Efficiency and Power Indices - CCEI, MPI, and Houtman-Maks indices.
Theoretical Foundations - Maintained assumptions for RP testing.

Data

This application uses the Dunnhumby “The Complete Journey” dataset: 2,500 households tracked over 2 years (104 weeks) across 10 staple product categories.

Loading

import sys
from pathlib import Path

# Load Dunnhumby pipeline
sys.path.insert(0, str(Path("dunnhumby")))
from data_loader import load_filtered_data
from price_oracle import get_master_price_grid
from session_builder import build_all_sessions

filtered = load_filtered_data()
price_grid = get_master_price_grid(filtered)
households = build_all_sessions(filtered, price_grid)

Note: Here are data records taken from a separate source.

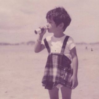 La imagen en blanco y negro muestra a Salma con el cabello corto y una falda de tirantes, así como playera blanca y tomando algo.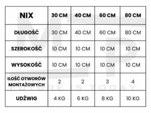 - udźwig: mimo lekkiej konstrukcji, półka utrzymuje znaczący ciężar – bez wyginania się czy chybotania (dokładna informacja o udźwigu znajduje się w sekcji ” Tabela rozmiarów” )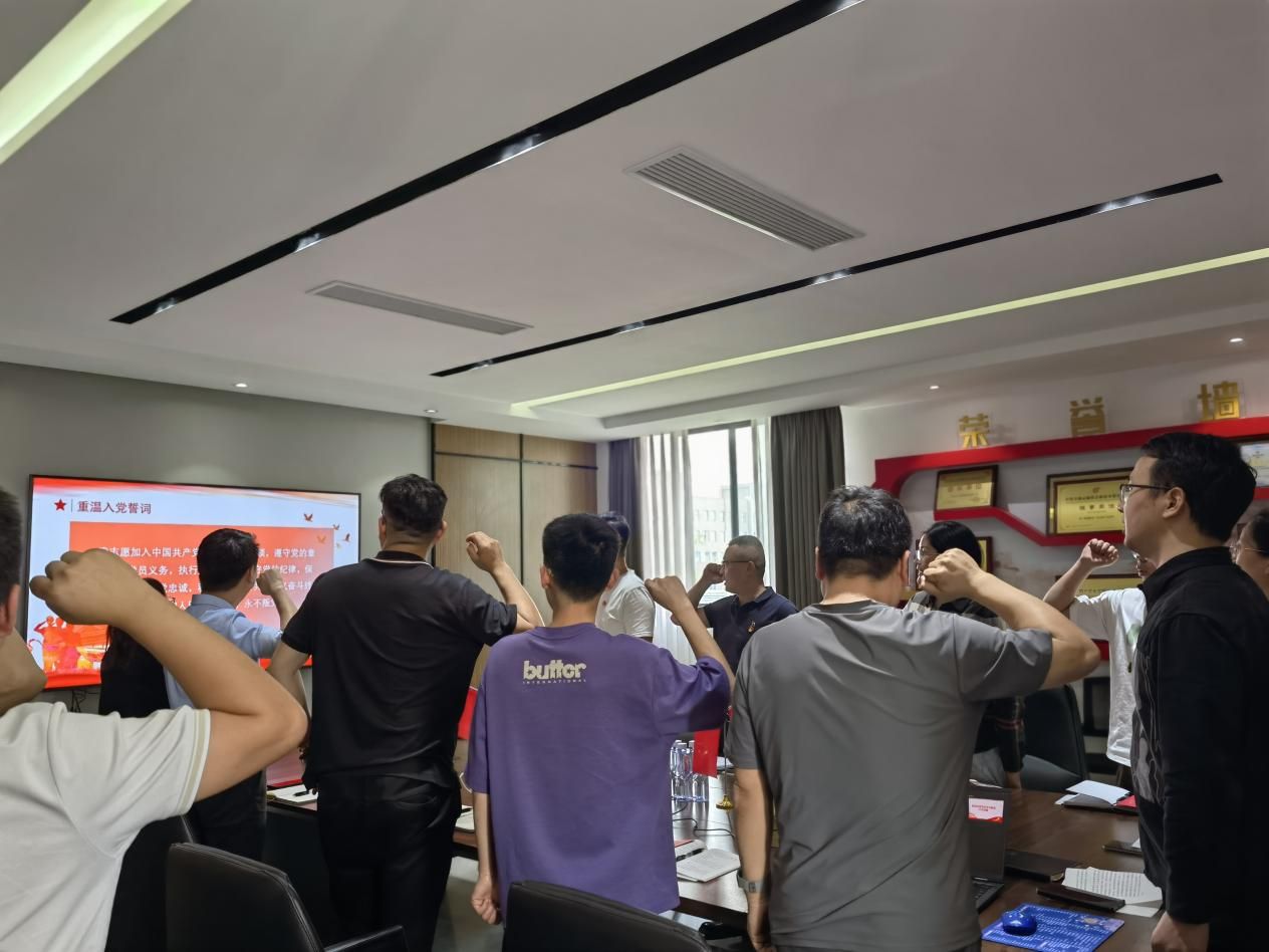 随后,支部书记带领全体党员重温了入党誓词,铿锵有力的誓言响彻现场,让每一位党员再次深刻体会到自己作为党员的身份与责任,进一步增强党员使命感。

print(f"Households: {len(households)}")
print(f"Price grid: {price_grid.shape}")  # (104 weeks, 10 categories)

Households: 2222
Price grid: (104, 10)

Note

The Dunnhumby dataset requires a Kaggle download. Run case_studies/dunnhumby/download_data.sh first. See case_studies/dunnhumby/README.md for details.

EDA: Product Categories

The 10 product categories and their average weekly prices:

Category	Mean Price ($)	Std ($)	Purchase Freq (%)
Soft Drinks	3.42	1.08	78%
Fluid Milk	2.89	0.94	72%
Bread/Rolls	2.51	0.83	68%
Cheese	4.67	1.52	61%
Bag Snacks	3.28	1.15	55%
Soup	1.89	0.72	43%
Yogurt	3.15	1.01	52%
Beef	6.24	2.18	38%
Frozen Pizza	4.53	1.44	35%
Lunchmeat	3.98	1.31	41%

EDA: Household Activity

import numpy as np

obs_counts = [h.num_observations for h in households.values()]
print(f"Active weeks per household:")
print(f"  Min: {min(obs_counts)}  Median: {int(np.median(obs_counts))}"
      f"  Max: {max(obs_counts)}")
print(f"  Mean: {np.mean(obs_counts):.1f}  Std: {np.std(obs_counts):.1f}")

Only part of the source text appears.